ACTIVITY
Copy out the listing that follows, exact in every word, and skip the images.
GIVEN DATA START
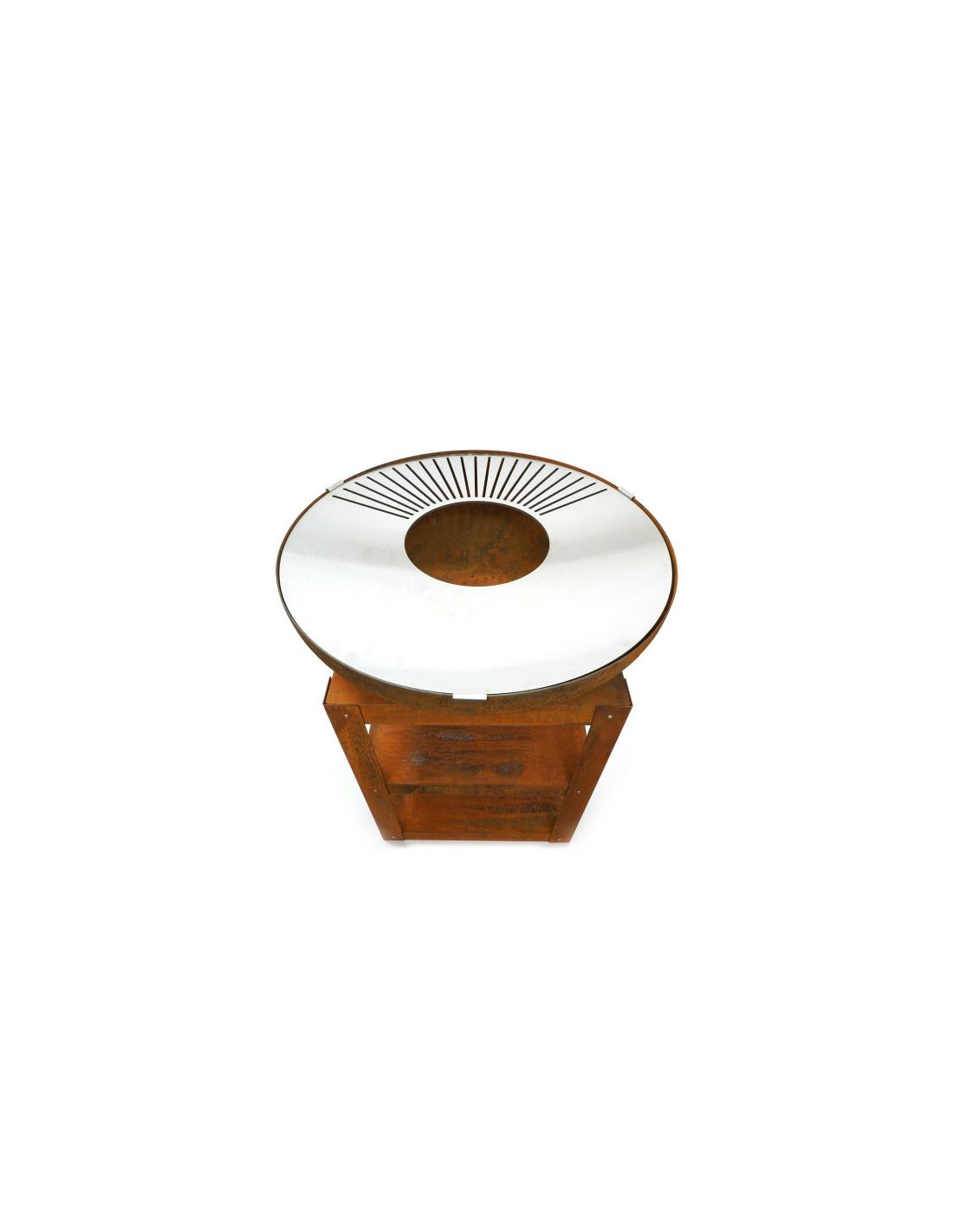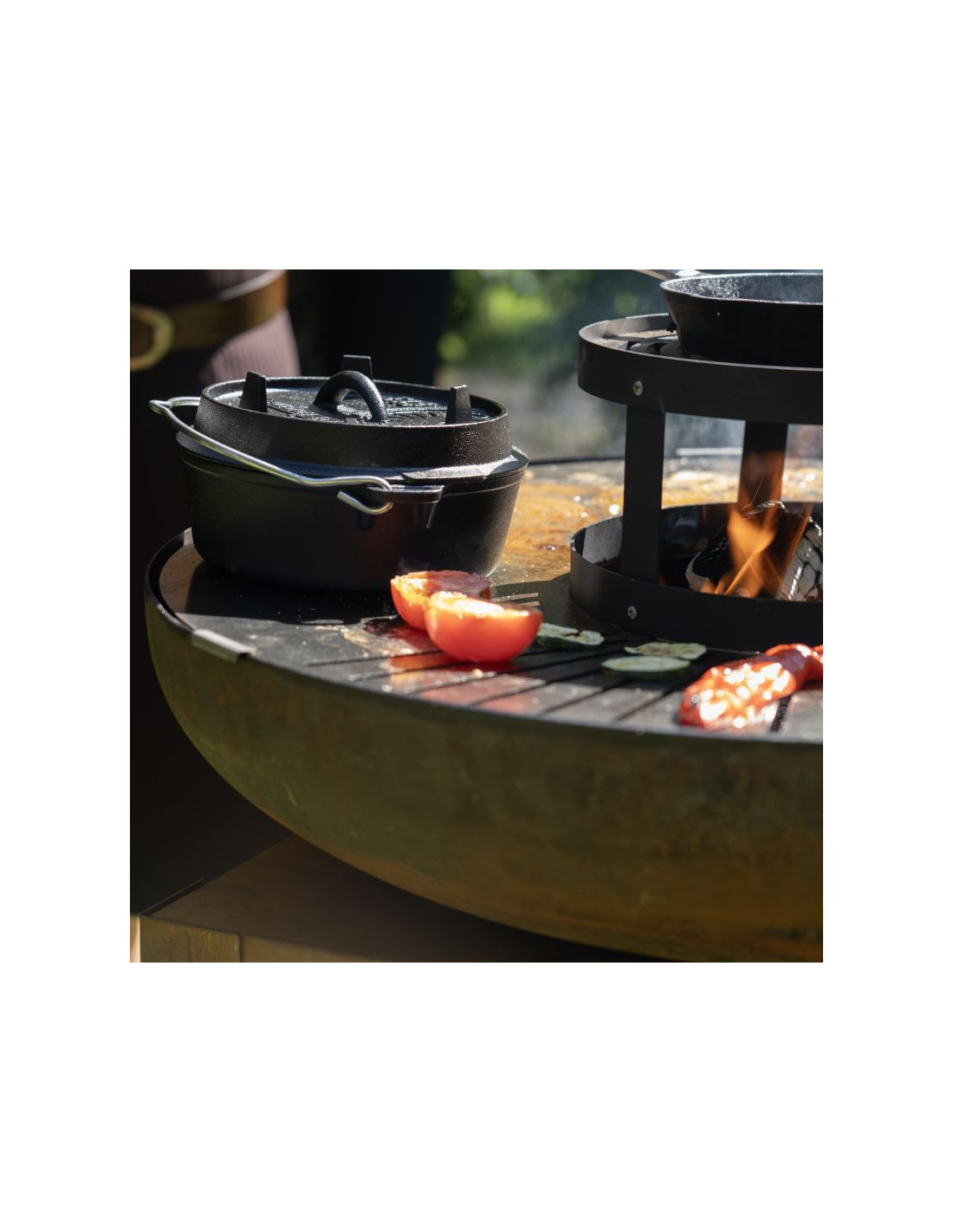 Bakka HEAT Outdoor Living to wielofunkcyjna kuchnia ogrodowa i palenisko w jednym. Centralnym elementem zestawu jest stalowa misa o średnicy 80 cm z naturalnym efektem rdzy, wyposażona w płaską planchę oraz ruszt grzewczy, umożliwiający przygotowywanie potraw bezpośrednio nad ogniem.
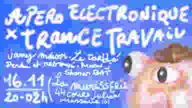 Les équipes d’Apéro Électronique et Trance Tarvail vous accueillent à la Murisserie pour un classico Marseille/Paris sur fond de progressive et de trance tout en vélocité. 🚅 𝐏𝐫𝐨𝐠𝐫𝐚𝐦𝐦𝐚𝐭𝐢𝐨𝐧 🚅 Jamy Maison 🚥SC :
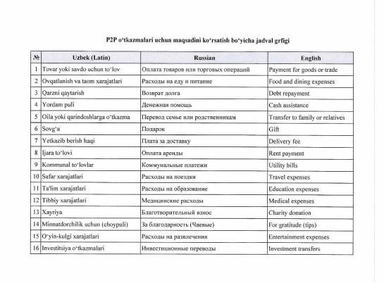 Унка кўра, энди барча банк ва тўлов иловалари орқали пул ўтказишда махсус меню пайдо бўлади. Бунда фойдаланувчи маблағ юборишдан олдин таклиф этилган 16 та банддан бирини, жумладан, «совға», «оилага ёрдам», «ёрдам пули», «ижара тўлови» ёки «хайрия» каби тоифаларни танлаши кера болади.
GIVEN DATA END
RESULT OF THIS EXERCISE
 Bakka HEAT Outdoor Living to wielofunkcyjna kuchnia ogrodowa i palenisko w jednym. Centralnym elementem zestawu jest stalowa misa o średnicy 80 cm z naturalnym efektem rdzy, wyposażona w płaską planchę oraz ruszt grzewczy, umożliwiający przygotowywanie potraw bezpośrednio nad ogniem.
 Les équipes d’Apéro Électronique et Trance Tarvail vous accueillent à la Murisserie pour un classico Marseille/Paris sur fond de progressive et de trance tout en vélocité. 🚅 𝐏𝐫𝐨𝐠𝐫𝐚𝐦𝐦𝐚𝐭𝐢𝐨𝐧 🚅 Jamy Maison 🚥SC :
 Унка кўра, энди барча банк ва тўлов иловалари орқали пул ўтказишда махсус меню пайдо бўлади. Бунда фойдаланувчи маблағ юборишдан олдин таклиф этилган 16 та банддан бирини, жумладан, «совға», «оилага ёрдам», «ёрдам пули», «ижара тўлови» ёки «хайрия» каби тоифаларни танлаши кера болади.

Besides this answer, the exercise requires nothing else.